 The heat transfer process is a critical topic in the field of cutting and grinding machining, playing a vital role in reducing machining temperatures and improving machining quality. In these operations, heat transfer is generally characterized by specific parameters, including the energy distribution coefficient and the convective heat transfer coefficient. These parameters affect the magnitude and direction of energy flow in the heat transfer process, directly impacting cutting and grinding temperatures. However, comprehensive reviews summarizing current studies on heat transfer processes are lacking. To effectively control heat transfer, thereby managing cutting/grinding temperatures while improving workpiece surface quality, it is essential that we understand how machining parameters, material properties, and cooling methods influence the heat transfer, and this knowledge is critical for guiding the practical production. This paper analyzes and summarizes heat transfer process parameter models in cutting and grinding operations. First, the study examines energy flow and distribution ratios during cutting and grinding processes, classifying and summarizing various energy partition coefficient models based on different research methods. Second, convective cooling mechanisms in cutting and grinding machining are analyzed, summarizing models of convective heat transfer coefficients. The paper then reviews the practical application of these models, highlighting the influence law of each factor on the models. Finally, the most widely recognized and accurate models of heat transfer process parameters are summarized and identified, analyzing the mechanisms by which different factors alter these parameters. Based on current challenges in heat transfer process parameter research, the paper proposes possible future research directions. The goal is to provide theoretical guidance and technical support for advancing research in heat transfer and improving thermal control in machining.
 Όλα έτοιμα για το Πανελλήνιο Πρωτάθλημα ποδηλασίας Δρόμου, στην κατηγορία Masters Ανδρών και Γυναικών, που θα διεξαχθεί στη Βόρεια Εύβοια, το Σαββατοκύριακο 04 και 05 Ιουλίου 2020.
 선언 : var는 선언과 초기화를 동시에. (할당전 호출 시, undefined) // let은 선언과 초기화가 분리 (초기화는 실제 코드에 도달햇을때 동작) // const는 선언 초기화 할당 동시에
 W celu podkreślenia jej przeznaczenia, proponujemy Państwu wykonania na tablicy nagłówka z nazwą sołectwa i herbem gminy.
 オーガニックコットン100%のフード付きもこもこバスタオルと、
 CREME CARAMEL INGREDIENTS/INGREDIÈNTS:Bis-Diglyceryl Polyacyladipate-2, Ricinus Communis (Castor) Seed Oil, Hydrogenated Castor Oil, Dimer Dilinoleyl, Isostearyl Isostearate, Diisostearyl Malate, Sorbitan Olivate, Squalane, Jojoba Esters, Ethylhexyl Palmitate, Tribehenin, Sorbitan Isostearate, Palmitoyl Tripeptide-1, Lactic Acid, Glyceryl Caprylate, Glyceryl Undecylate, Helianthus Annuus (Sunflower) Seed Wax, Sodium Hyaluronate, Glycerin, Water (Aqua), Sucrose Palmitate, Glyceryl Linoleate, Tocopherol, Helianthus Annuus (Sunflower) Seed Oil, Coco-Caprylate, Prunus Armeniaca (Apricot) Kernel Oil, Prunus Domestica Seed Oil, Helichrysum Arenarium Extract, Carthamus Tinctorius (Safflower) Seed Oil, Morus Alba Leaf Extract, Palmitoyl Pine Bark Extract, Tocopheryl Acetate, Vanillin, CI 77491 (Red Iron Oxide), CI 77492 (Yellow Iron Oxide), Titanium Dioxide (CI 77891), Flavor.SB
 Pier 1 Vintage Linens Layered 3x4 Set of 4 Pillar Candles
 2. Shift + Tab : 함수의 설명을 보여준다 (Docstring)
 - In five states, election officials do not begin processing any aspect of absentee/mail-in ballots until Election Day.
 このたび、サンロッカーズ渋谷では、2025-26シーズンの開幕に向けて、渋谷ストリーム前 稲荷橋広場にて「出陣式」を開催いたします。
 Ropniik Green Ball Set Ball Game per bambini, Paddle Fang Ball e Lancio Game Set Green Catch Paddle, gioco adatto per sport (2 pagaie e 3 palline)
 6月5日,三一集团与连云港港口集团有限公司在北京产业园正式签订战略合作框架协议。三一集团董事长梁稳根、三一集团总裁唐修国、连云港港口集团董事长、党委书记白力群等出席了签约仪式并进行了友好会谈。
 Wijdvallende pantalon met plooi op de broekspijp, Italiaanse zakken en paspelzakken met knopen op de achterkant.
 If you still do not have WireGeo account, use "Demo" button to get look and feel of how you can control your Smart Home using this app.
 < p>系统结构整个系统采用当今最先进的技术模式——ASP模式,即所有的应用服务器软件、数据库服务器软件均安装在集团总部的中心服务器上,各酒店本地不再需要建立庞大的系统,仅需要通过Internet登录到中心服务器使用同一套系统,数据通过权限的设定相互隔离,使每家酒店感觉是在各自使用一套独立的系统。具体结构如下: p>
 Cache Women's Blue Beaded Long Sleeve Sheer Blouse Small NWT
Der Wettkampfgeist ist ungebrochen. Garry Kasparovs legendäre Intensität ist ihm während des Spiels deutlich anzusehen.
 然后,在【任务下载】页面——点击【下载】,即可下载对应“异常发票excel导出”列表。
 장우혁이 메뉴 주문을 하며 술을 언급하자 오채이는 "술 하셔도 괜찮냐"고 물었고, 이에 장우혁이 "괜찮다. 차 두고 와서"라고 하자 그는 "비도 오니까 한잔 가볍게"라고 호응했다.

*YOUR ASSIGNMENT*
The entries above need to be transcribed with no differences at all.

*ANSWER TO THE PROBLEM*
 The heat transfer process is a critical topic in the field of cutting and grinding machining, playing a vital role in reducing machining temperatures and improving machining quality. In these operations, heat transfer is generally characterized by specific parameters, including the energy distribution coefficient and the convective heat transfer coefficient. These parameters affect the magnitude and direction of energy flow in the heat transfer process, directly impacting cutting and grinding temperatures. However, comprehensive reviews summarizing current studies on heat transfer processes are lacking. To effectively control heat transfer, thereby managing cutting/grinding temperatures while improving workpiece surface quality, it is essential that we understand how machining parameters, material properties, and cooling methods influence the heat transfer, and this knowledge is critical for guiding the practical production. This paper analyzes and summarizes heat transfer process parameter models in cutting and grinding operations. First, the study examines energy flow and distribution ratios during cutting and grinding processes, classifying and summarizing various energy partition coefficient models based on different research methods. Second, convective cooling mechanisms in cutting and grinding machining are analyzed, summarizing models of convective heat transfer coefficients. The paper then reviews the practical application of these models, highlighting the influence law of each factor on the models. Finally, the most widely recognized and accurate models of heat transfer process parameters are summarized and identified, analyzing the mechanisms by which different factors alter these parameters. Based on current challenges in heat transfer process parameter research, the paper proposes possible future research directions. The goal is to provide theoretical guidance and technical support for advancing research in heat transfer and improving thermal control in machining.
 Όλα έτοιμα για το Πανελλήνιο Πρωτάθλημα ποδηλασίας Δρόμου, στην κατηγορία Masters Ανδρών και Γυναικών, που θα διεξαχθεί στη Βόρεια Εύβοια, το Σαββατοκύριακο 04 και 05 Ιουλίου 2020.
 선언 : var는 선언과 초기화를 동시에. (할당전 호출 시, undefined) // let은 선언과 초기화가 분리 (초기화는 실제 코드에 도달햇을때 동작) // const는 선언 초기화 할당 동시에
 W celu podkreślenia jej przeznaczenia, proponujemy Państwu wykonania na tablicy nagłówka z nazwą sołectwa i herbem gminy.
 オーガニックコットン100%のフード付きもこもこバスタオルと、
 CREME CARAMEL INGREDIENTS/INGREDIÈNTS:Bis-Diglyceryl Polyacyladipate-2, Ricinus Communis (Castor) Seed Oil, Hydrogenated Castor Oil, Dimer Dilinoleyl, Isostearyl Isostearate, Diisostearyl Malate, Sorbitan Olivate, Squalane, Jojoba Esters, Ethylhexyl Palmitate, Tribehenin, Sorbitan Isostearate, Palmitoyl Tripeptide-1, Lactic Acid, Glyceryl Caprylate, Glyceryl Undecylate, Helianthus Annuus (Sunflower) Seed Wax, Sodium Hyaluronate, Glycerin, Water (Aqua), Sucrose Palmitate, Glyceryl Linoleate, Tocopherol, Helianthus Annuus (Sunflower) Seed Oil, Coco-Caprylate, Prunus Armeniaca (Apricot) Kernel Oil, Prunus Domestica Seed Oil, Helichrysum Arenarium Extract, Carthamus Tinctorius (Safflower) Seed Oil, Morus Alba Leaf Extract, Palmitoyl Pine Bark Extract, Tocopheryl Acetate, Vanillin, CI 77491 (Red Iron Oxide), CI 77492 (Yellow Iron Oxide), Titanium Dioxide (CI 77891), Flavor.SB
 Pier 1 Vintage Linens Layered 3x4 Set of 4 Pillar Candles
 2. Shift + Tab : 함수의 설명을 보여준다 (Docstring)
 - In five states, election officials do not begin processing any aspect of absentee/mail-in ballots until Election Day.
 このたび、サンロッカーズ渋谷では、2025-26シーズンの開幕に向けて、渋谷ストリーム前 稲荷橋広場にて「出陣式」を開催いたします。
 Ropniik Green Ball Set Ball Game per bambini, Paddle Fang Ball e Lancio Game Set Green Catch Paddle, gioco adatto per sport (2 pagaie e 3 palline)
 6月5日,三一集团与连云港港口集团有限公司在北京产业园正式签订战略合作框架协议。三一集团董事长梁稳根、三一集团总裁唐修国、连云港港口集团董事长、党委书记白力群等出席了签约仪式并进行了友好会谈。
 Wijdvallende pantalon met plooi op de broekspijp, Italiaanse zakken en paspelzakken met knopen op de achterkant.
 If you still do not have WireGeo account, use "Demo" button to get look and feel of how you can control your Smart Home using this app.
 < p>系统结构整个系统采用当今最先进的技术模式——ASP模式,即所有的应用服务器软件、数据库服务器软件均安装在集团总部的中心服务器上,各酒店本地不再需要建立庞大的系统,仅需要通过Internet登录到中心服务器使用同一套系统,数据通过权限的设定相互隔离,使每家酒店感觉是在各自使用一套独立的系统。具体结构如下: p>
 Cache Women's Blue Beaded Long Sleeve Sheer Blouse Small NWT
Der Wettkampfgeist ist ungebrochen. Garry Kasparovs legendäre Intensität ist ihm während des Spiels deutlich anzusehen.
 然后,在【任务下载】页面——点击【下载】,即可下载对应“异常发票excel导出”列表。
 장우혁이 메뉴 주문을 하며 술을 언급하자 오채이는 "술 하셔도 괜찮냐"고 물었고, 이에 장우혁이 "괜찮다. 차 두고 와서"라고 하자 그는 "비도 오니까 한잔 가볍게"라고 호응했다.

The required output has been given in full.